Former Federal Reserve Chair Janet Yellen signaled it may be harder than U.S. trade negotiators think to prevent China from manipulating its currency.
That’s because some of the tools central bankers use to stabilize their economies also end up weakening their exchange rates. As a result, it may be difficult for negotiators to define what is currency manipulation as opposed to benign monetary policy.

Still, people familiar with U.S.-China trade talks said Americans are asking Beijing to refrain from actions that would weaken the yuan and offset U.S. duties on Chinese imports. Those discussions, which are designed to end a trade war between the world’s two largest economies, continue this week ahead of a March 1 deadline to strike an agreement.
According to Yellen, “it’s really difficult and treacherous to define” when a country is gaming its currency to gain trade advantages. She was speaking on a Brookings Institution podcast Tuesday on currencies and trade, and wasn’t commenting specifically on the current negotiations between the U.S. and China.
She noted that the U.S. itself has faced accusations of starting a “currency war,” especially when it engaged in massive asset purchases following the Great Recession.
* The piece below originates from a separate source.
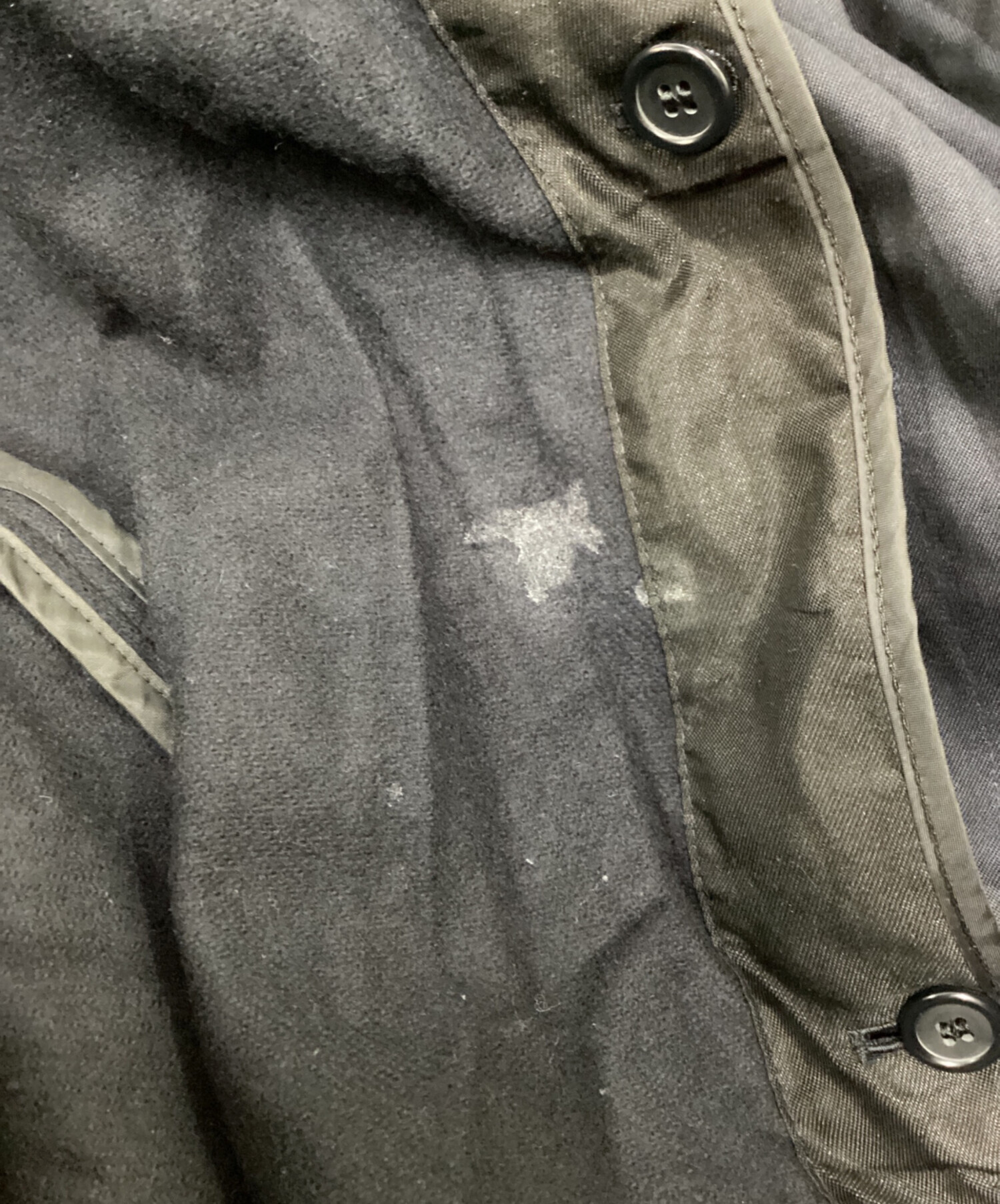 目立つシミや汚れ、におい等がある場合は商品画像や説明文にて極力表記させていただいておりますが、中古品という商品の特性上、全ての瑕疵や不備、洋服直し箇所を撮影・記載をすることは難しくなっております。また、ほとんどのアイテムは店頭と併売しておりますため、出品掲載時からコンディションが変動している場合もございます。あらかじめご了承くださいませ。
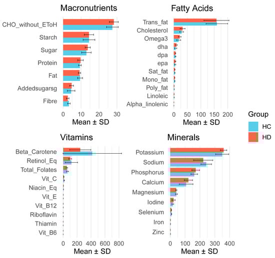 Dietary intake between children with Hirschsprung’s disease (HD) and healthy controls (HCs). Macronutrients are presented as g/1000 kj, fatty acids, vitamins and minerals are presented as mg/1000 kj.

The policy, known as quantitative easing, was designed to lower long-term interest rates, though it caused the dollar to depreciate against emerging-market currencies as well.
“Monetary policy does have a systematic effect on a country’s exchange rate and nevertheless I think that it’s widely agreed that it should be available to be used for domestic purposes,” Yellen said. “So we would want to be careful not to define domestic policy tools as currency manipulation.”